The EPFL team has created a new large-scale language model that is structured similarly to the human brain. This gives users more control and allows them to move away from “black box” AI.
When a standard large-scale language model (LLM) is faced with a problem, it tries to solve the problem by matching it to similar information it has seen before, and bases its answer on those past patterns. But how we decide what information to use and what value we assign to different pieces of information can be somewhat puzzling to outsiders.
LLM MiCRo (Mixture of Cognitive Reasoners) is architecturally divided into four specialized areas that function like different parts of the human brain, giving users more control over how they approach questions and better understanding how they arrive at their answers. The model, presented at the International Conference on Learning Representations, comes from the NLP Lab, part of the School of Computer and Communication Sciences (IC), and the NeuroAI Lab, part of EPFL’s IC and Life Sciences Schools.
4 experts
To create MiCRo, the researchers identified four areas of the brain that specialize in different functions they call “experts”: language, logic, social reasoning, and world knowledge.
“The brain is organized into specialized regions, each tailored to handle a specific function. So far, this division of labor is not very clear in current language models,” says Badr Alkamisi, a doctoral candidate leading the study. “We selected four brain regions that are well known to neuroscientists and gave the model its own specialized modules, each of which was trained to resemble one of those brain regions.”
LLMs typically work as a stack of layers that can handle problems and questions. For MiCRo, each layer is divided into four different experts. For example, feed the model a sentence from layer 1, such as “The cat is sleeping.” Then, within this layer, the router becomes modular and adaptive, such as being able to choose one expert for the first word “the” but a different expert for the second word “cat.”
“Each word of the sentence could be asked to a different expert,” Alkamisi explains. “So a single sentence is actually processed by multiple experts at each tier.”

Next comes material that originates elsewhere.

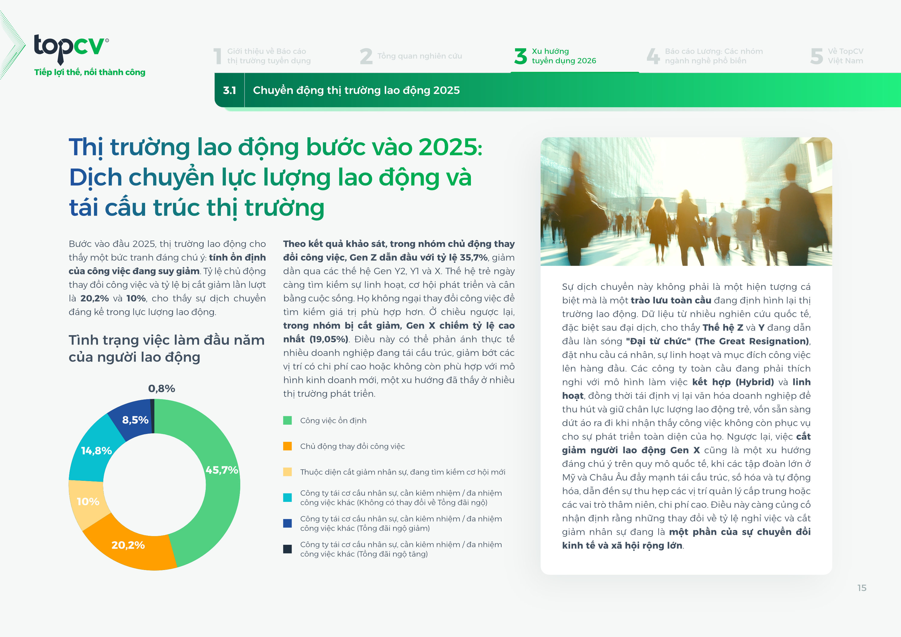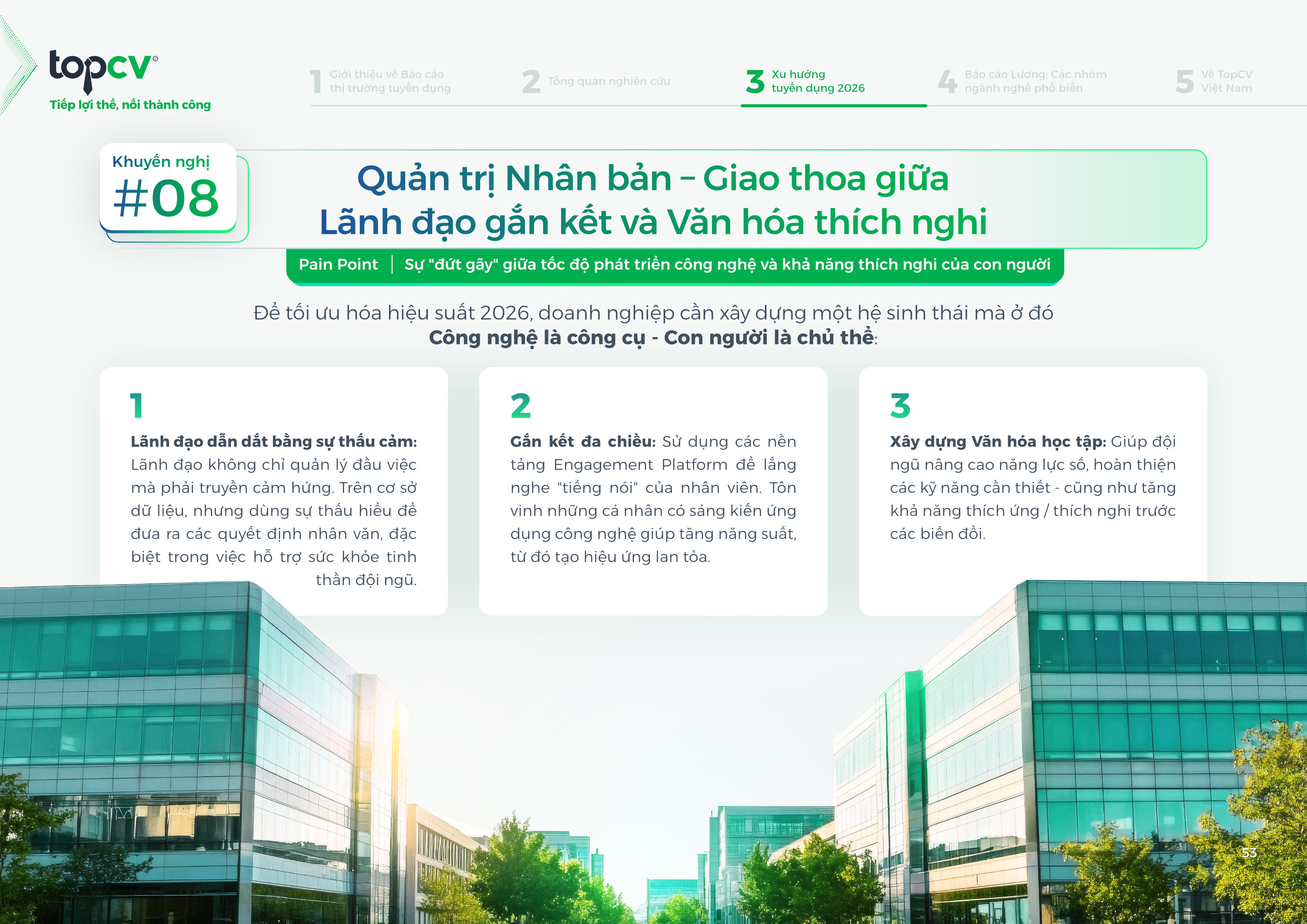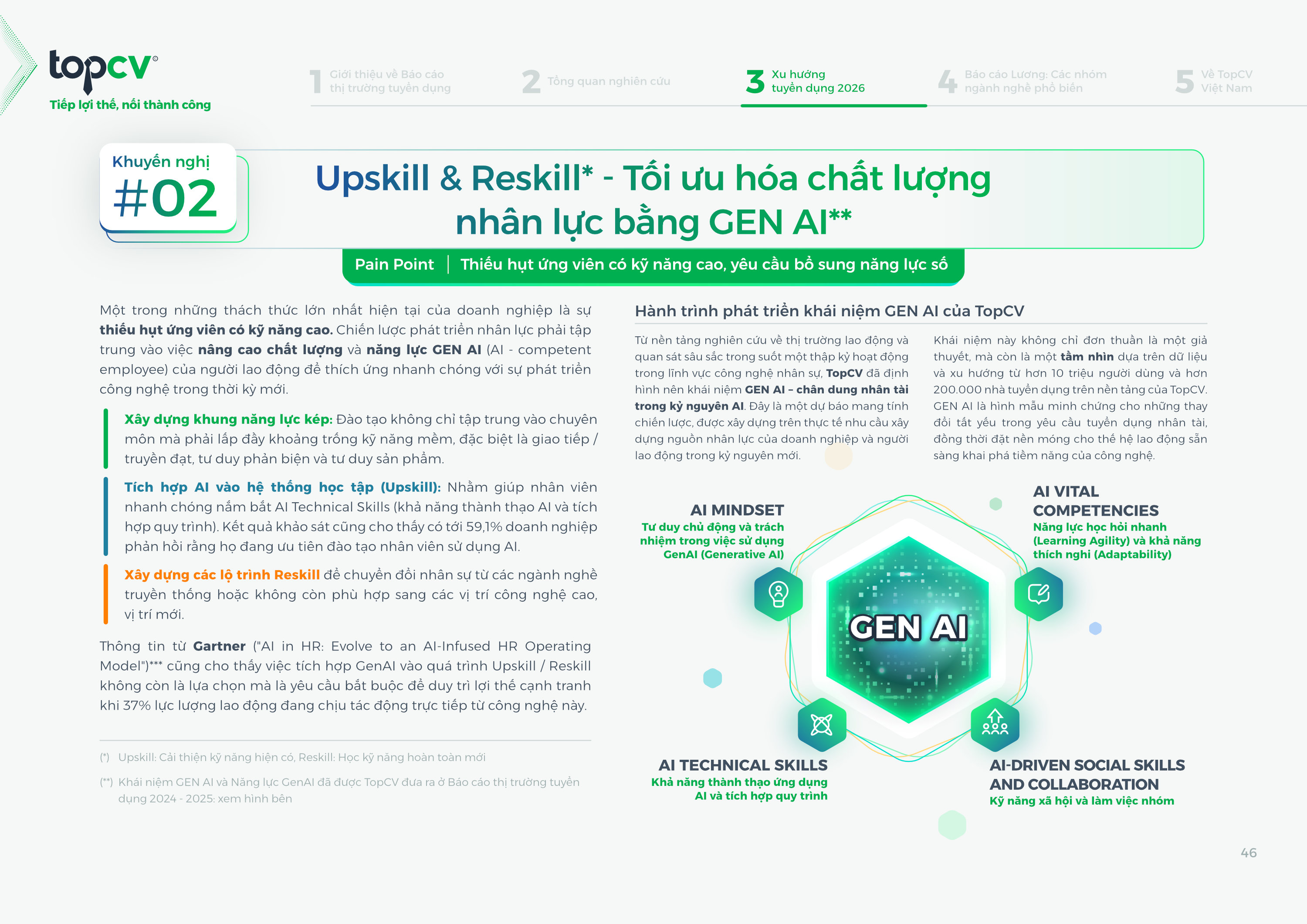 Báo cáo Thị trường Tuyển dụng 2025 – 2026 của TopCV, vừa được công bố, là báo cáo thường niên chuyên sâu được xây dựng trên dữ liệu khảo sát từ hơn 3.000 doanh nghiệp và người lao động trên toàn quốc, cung cấp nhiều góc nhìn đáng chú ý về xu hướng tuyển dụng, yêu cầu kỹ năng và sự dịch chuyển nghề nghiệp dưới tác động của AI và bối cảnh kinh tế mới.

Consider a prompt like this: “Emma wants to split the cost of a 60 Swiss Franc dinner between her three friends, but she knows Jake lost his job last week and can’t say she’s struggling with pride.” A purely mathematical module handles arithmetic operations. 60 Swiss Francs divided by 3 equals 20 Swiss Francs each. But the social reasoning module recognizes something more subtle, such as Emma’s awareness of Jake’s situation, his implicit pride, and the implicit suggestion that she might quietly cover his share. Both types of reasoning are required to fully understand what is going on. MiCRo routes each aspect of a prompt to the expert best suited to handle it.
“If you look at how the model works, you’ll see that words related to social aspects are routed to the social experts, and when you do the mathematical part, those numbers are routed to the logic experts.”
This separation makes it easier to understand how the model is “thinking” and why it makes certain decisions. This also means you have control over your decisions. For example, you can decide whether to increase the influence of social experts or suppress logic experts, depending on the type of model you want to use in a particular situation.
“In traditional LLM, you can do this through prompts by telling the model whether to make the output more social or more emotionally relevant,” AlKhamissi says. “But here, this is done by intervening in the architecture itself without any prompting.”
“virtuous cycle”
To create MiCRo, the EPFL team worked with Greta Takkut, a neuroscientist at Harvard University and the Massachusetts Institute of Technology, to understand which parts of the human brain are activated by different problems and applied that learning to the model.
To identify regions in the brain similar to “logic” experts, neuroscientists gave humans demanding tasks, such as difficult math equations, and less demanding tasks, such as easy math equations, and recorded brain activity to see which brain areas were most active for the demanding and less demanding tasks. AlKhamissi’s team then did the same to the model, feeding it a demanding mathematical equation to see which experts were most activated.
“What’s great is that we used exactly what we do in neuroscience in our model, and the model was able to uniquely identify those experts.”
Neuroscience informs models, but models also inform our understanding of the brain, potentially allowing neuroscientists to discover the contribution of different disciplines to a particular problem or question. For example, a sentence activates the language domain by 20%, the mathematics domain by 50%, and the social reasoning domain by 40%.
“In my doctoral research, I was interested in this virtuous cycle between neuroscience and AI, where in one direction we take neuroscience discoveries and insights about the brain and integrate them into language models,” AlKhamissi says. “And now, with models like MiCRo, we can explore in another direction and consider how AI models can be used to better understand the brain.”